Is There a “Neutral” Space in the World?

There are (at least) two worlds.

There is the physical world, the “real” world, where spatial distance makes a big difference. For example, depending on which side of the United States’ border with Mexico you live, you may actually find trucks filled with corpses blocking a major thoroughfare or disemboweled social media activists hanging from an overpass, or just read about it.

There is also the Web world, in which every point is equidistant from any other point (just a click away). This world is more like a shamanic spirit world that you can enter from any point in the physical world and always wind up in the same place.

Of course, a spirit world is a blessing and a curse. As Andres Monroy-Hernandez points on in this essay, the rise of social media and its promise (or at least appearance) of anonymity, can be very powerful when you are operating in and against a murderously dangerous environment. It allows people to speak out virtually and anonymously when they are too terrified to do so actually and in person.
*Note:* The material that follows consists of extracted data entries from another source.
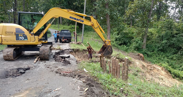 Dikemukakan, DPUPR Bina Marga telah menerjunkan eskavator. Dengan gotong-royong bersama masyarakat desa setempat melakukan penanganan sementara jalan yang longsor. ‘’Untuk sementara longsoran kita cerucuk (dolken),’’ jelas Nidzamudin.
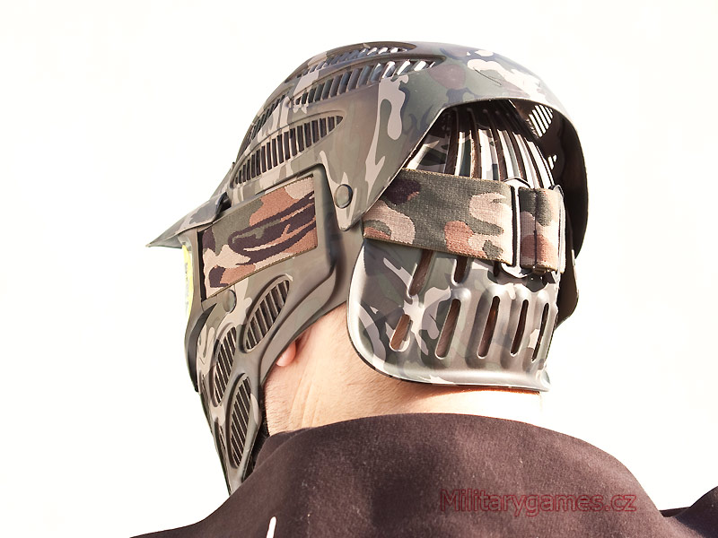 Pod bradou je maska vybavena měkkou páskou, délkově stavitelnou, která přidržuje masku tam, kam patří a nemůže se nám tedy stát, že při běhu podrostem nám maska zachycená větví spadně ve chvíli, kdy do našeho obličeje míří dávka z protivníkovi zbraně. Nad brýlemi je opatřena sundávacím slunečním štítkem - kšiltem, který odstíní přímý sluneční svit, který by nás oslepoval, ochrání sklo před děštěm a eliminuje svým stínem odlesky lexanu.
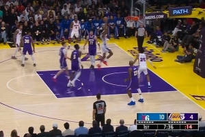 这都啥防守!埃奇库姆借掩护突破轻松双手飞扣 湖人全员目送
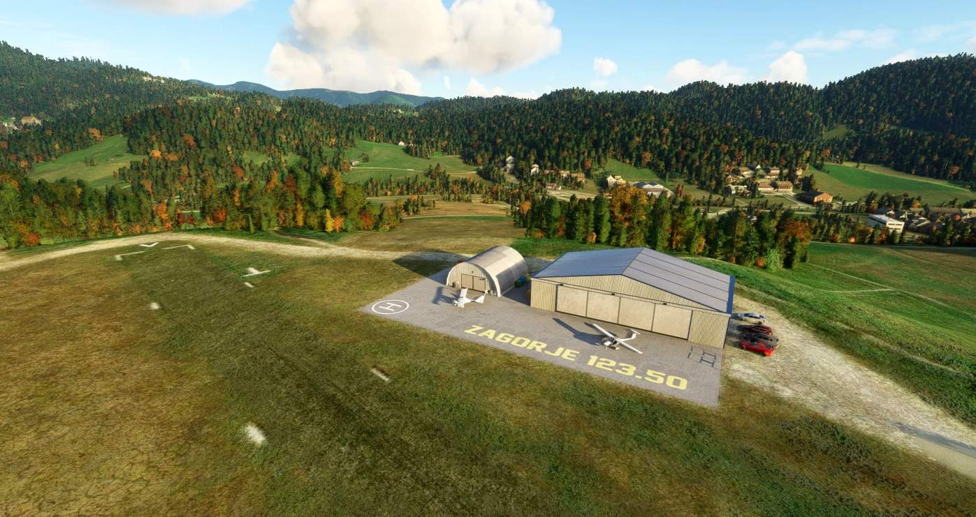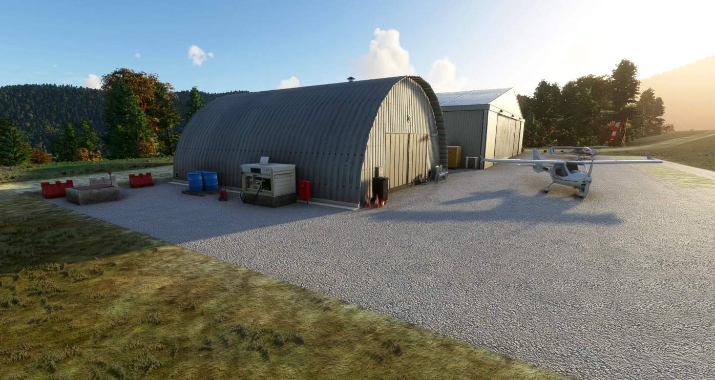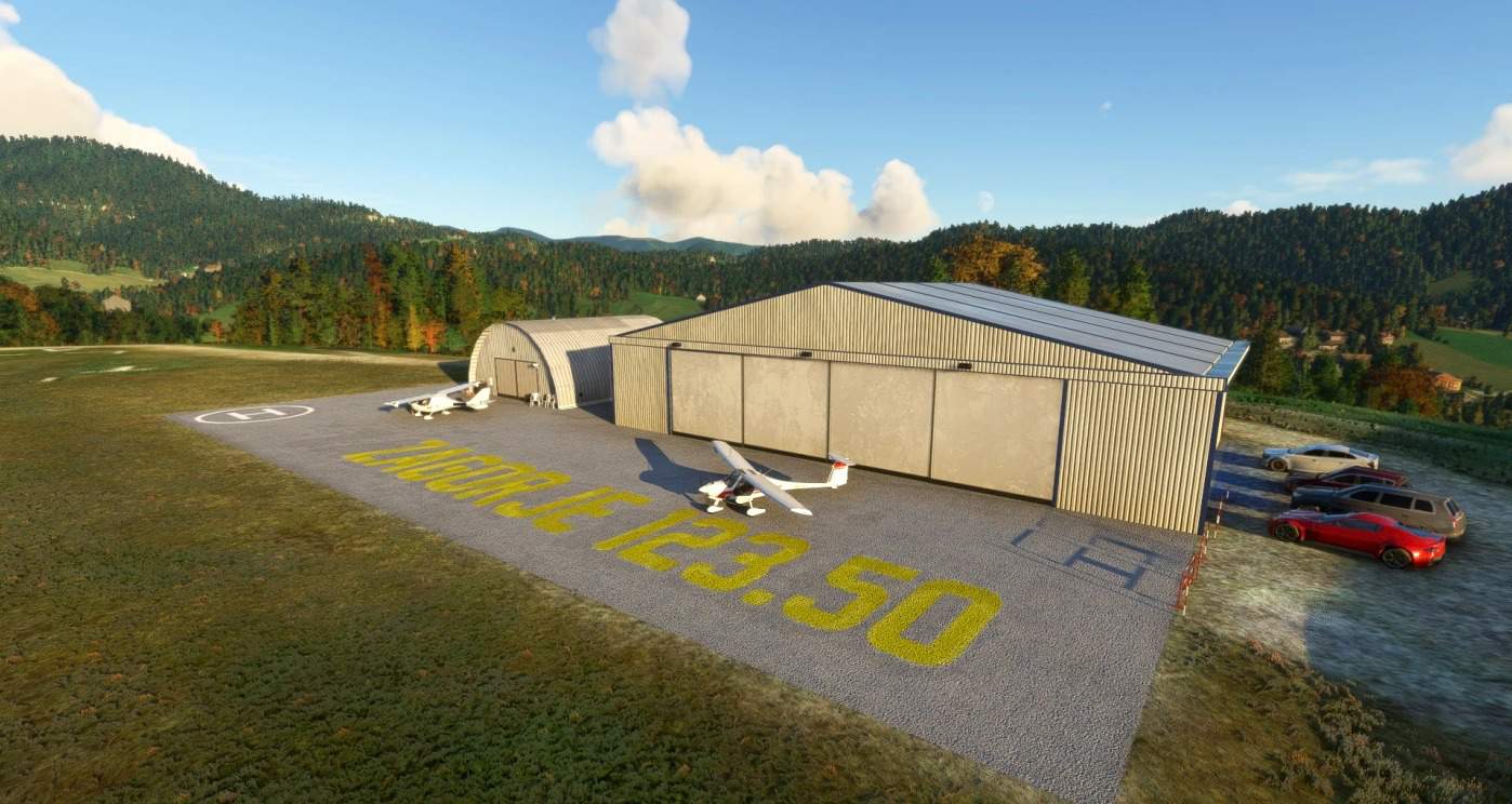 Currently there are only default FS buildings in the scenery. Maybe in a future version I could add self-built hangars… I have to study Blender first! Any help is welcome!
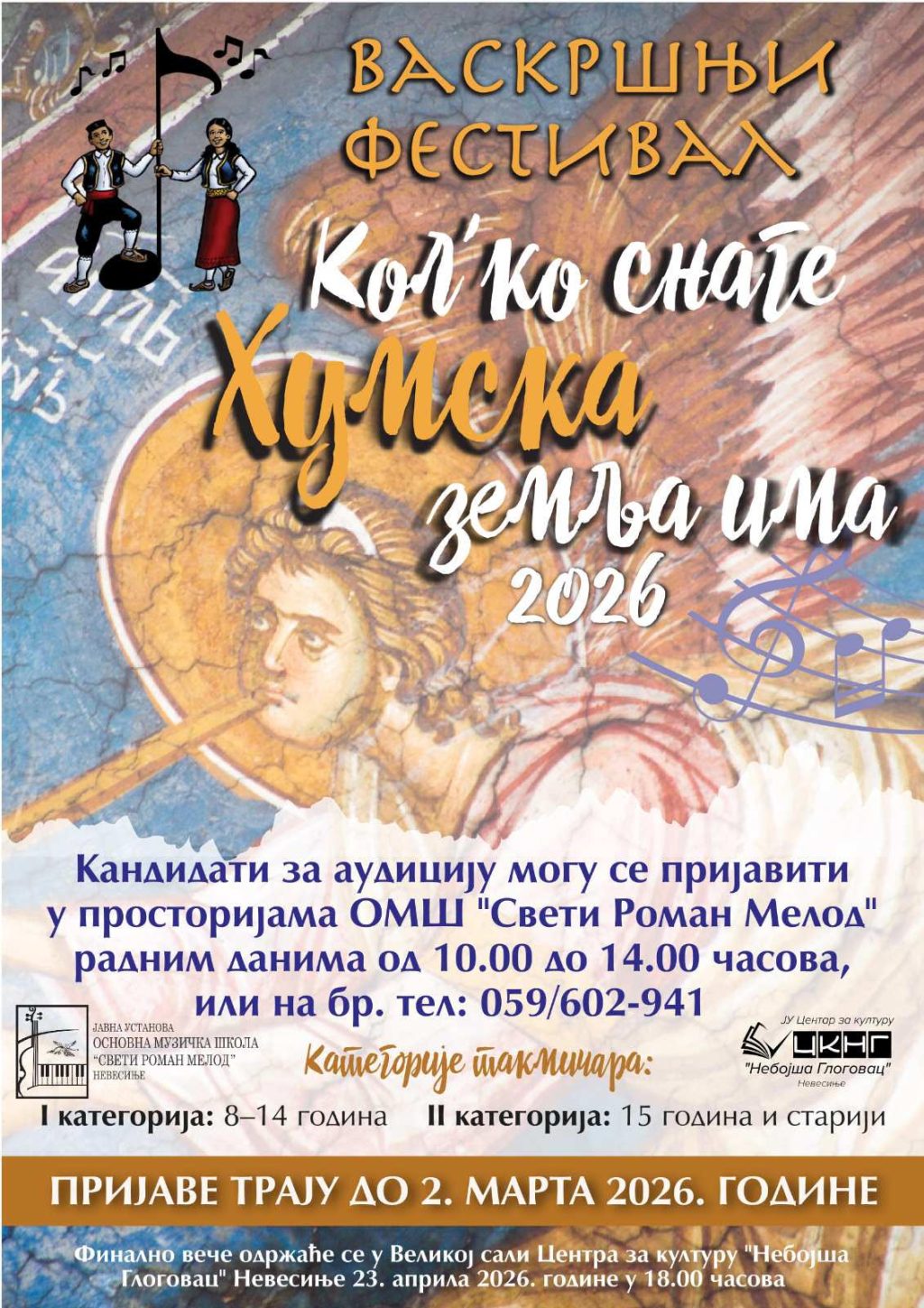 ЈУ ОМШ „Свети Роман Мелод“ и Центар за културу „Небојша Глоговац“ Невесиње организују Васкршњи фестивал „Кол’ко снаге хумска земља има“.
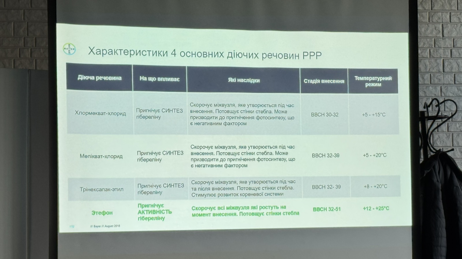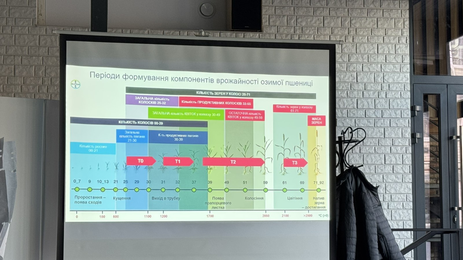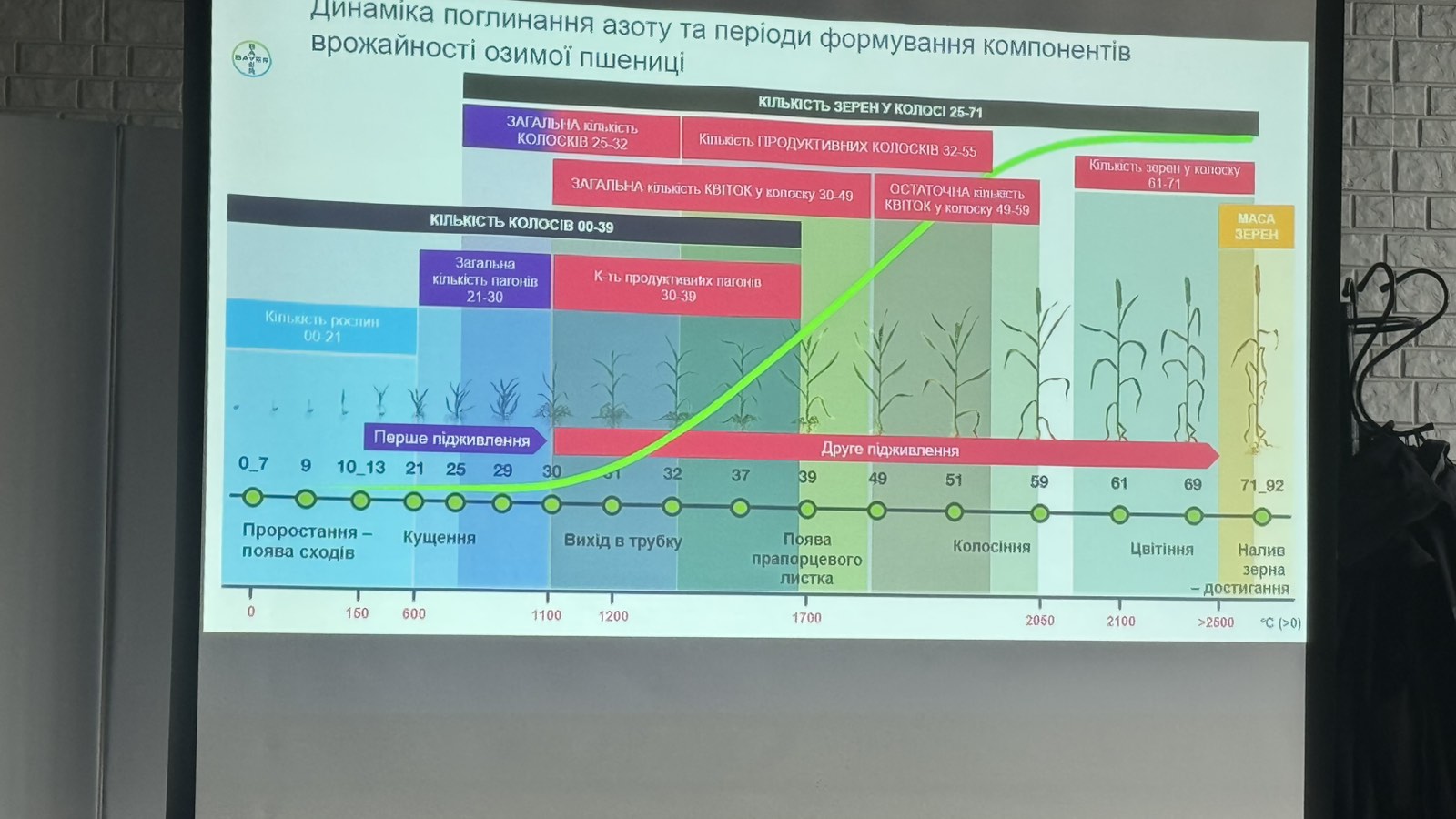 Теоретична частина тренінгу від спеціалістів БАЙЄР висвітлювала основні біологічні особливості пшениці, стадії розвитку та росту, вплив технологічних і погодно-кліматичних факторів на формування продуктивності. Попередники, підготовка грунту, протруєння насіння, строки посіву, норми, захист, удобрення по фазам і планування підживлення, хвороби ,препарати і перспективи отримання високої продуктивності в актуальних умовах - все було презентовано, задавалися питання від учасників семінару і отримувалися змістовні практичні відповіді від спеціалістів.
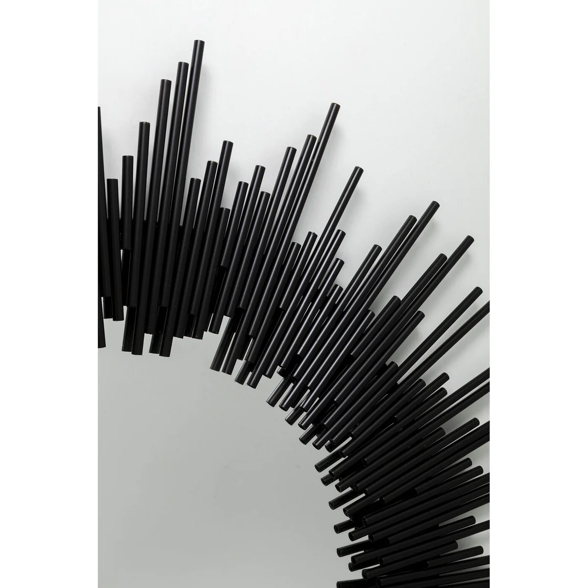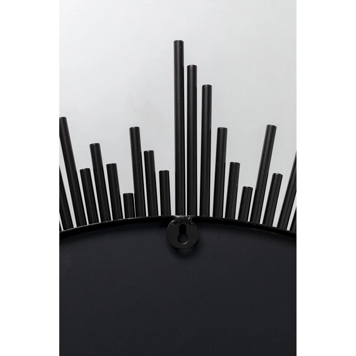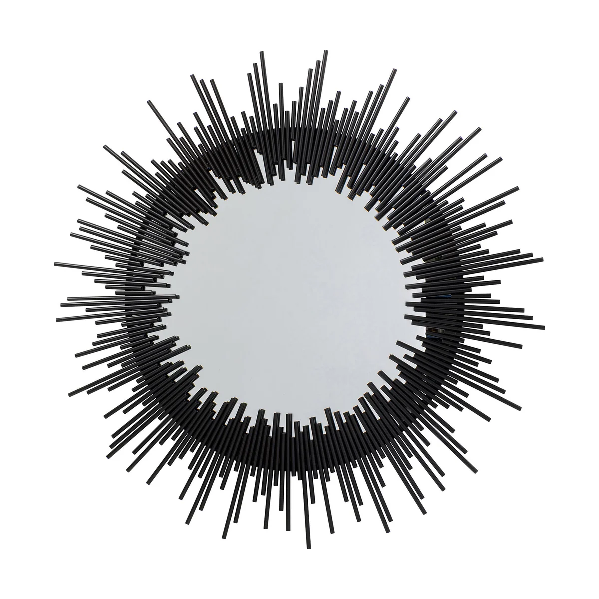Sun Rise Wall Mirror features a sleek black metal frame and a mirrored glass surface. Its round design complements various furniture shapes, adding balance and style to any room. Perfect for both modern and classic interiors.
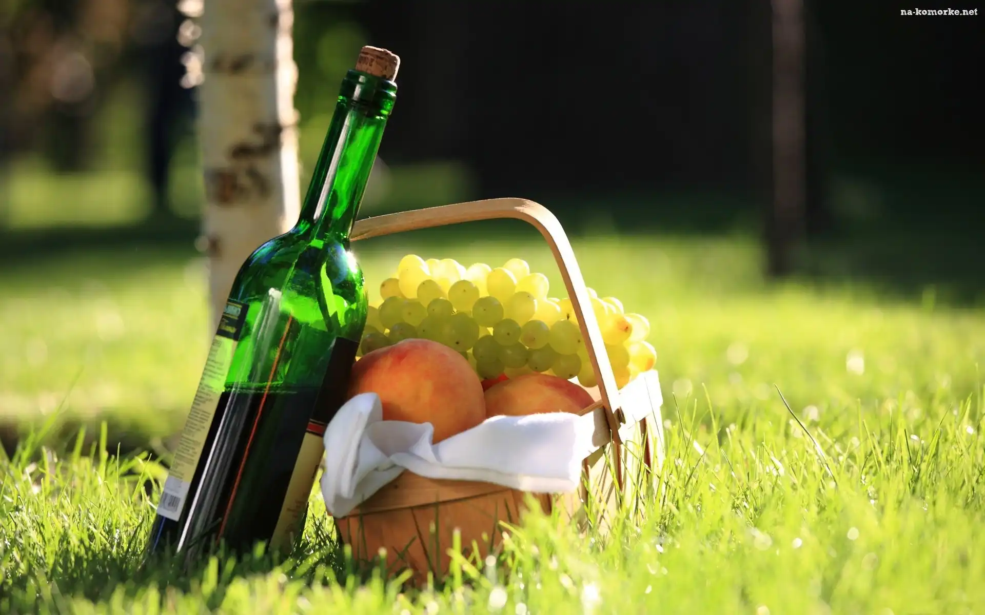 Piknik, Koszyk, Wino, Winogrona, Brzoskwinie na Komórkę
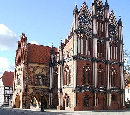 Ältester Teil des Gebäudes ist der Ostflügel, der 1430 wahrscheinlich von dem zu dieser Zeit in der Mark Brandenburg und in Pommern wirkenden Baumeister Hinrich Brunsberg errichtet wurde. Bemerkenswert ist die 24 Meter hohe aus Backstein gemauerte Schauwand. Hinter ihr befindet sich der prächtige Rathausfestsaal. 1480 folgte der Bau der Gerichtslaube und der darüber befindlichen Ratsstube, die heute als Trauzimmer genutzt wird. Das Bauwerk war einst eine Erweiterung des eigentlichen Rathauses des 14. Jahrhunderts, das vermutlich in Fachwerk ausgeführt war und 1617 abbrannte. Von diesem Bauwerk sind an der Langen Straße gewölbte Kellerräume des 14./15. Jahrhunderts erhalten geblieben.
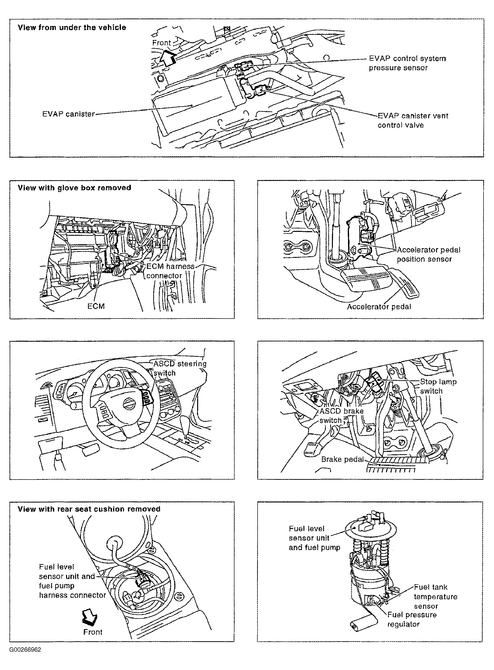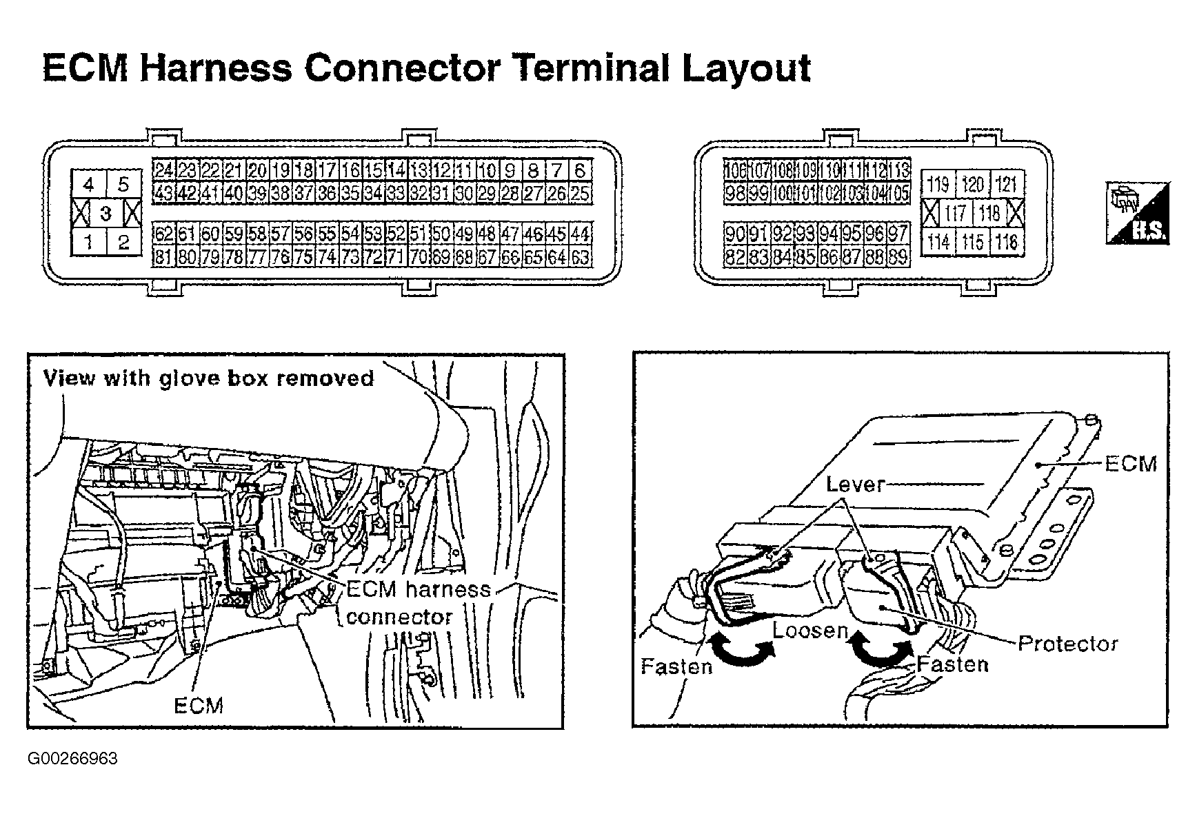 For engine control system component locations, see Figure-Figure . For ECM location, connector and terminal view, see Figure. For removal and installation of components, see appropriate REMOVAL & INSTALLATION article.
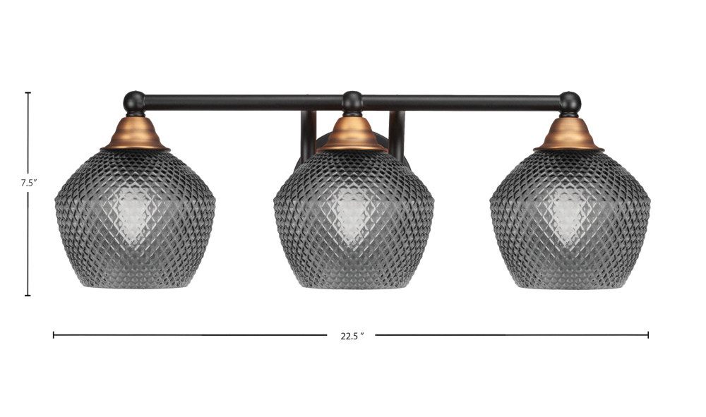 Paramount 3 Light Bath Bar Shown In Matte Black & Brass Finish With 6 Smoke Textured Glass
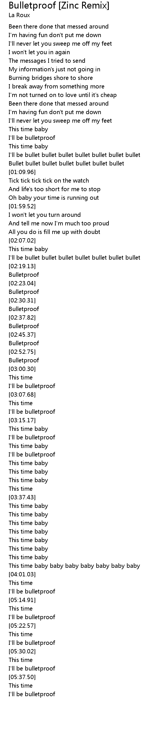 Bulletproof [Zinc Remix] Lyrics

But since this “speaking out” bursts into the real world wherever the internet can be accessed, it poses a real threat to the terrorizers, who then lash out, when they are not able to strike back directly.

The question that Monroy-Hernandez raises is this: What obligation do the private wardens of the Web have to protect the anonymity of its users/inhabitants?

This is a slightly different take on the question of “net neutrality.” While the current debate focuses on whether or not the owners of the “pipes” should be able, or not, to control the flow of information through them based on who owns the information, there is a broader, more political debate to be had about whether the pipe overseers should or should not take sides when the content flow is woven into a potentially or actually violent conflict.

If the overseers reveal identities, they are inevitably taking one side. If they refuse to do so, they are taking the other.

Does this mean that, in this world, there is no truly neutral space, but, instead, only the decision that each individual or corporate entity makes to take one side or another?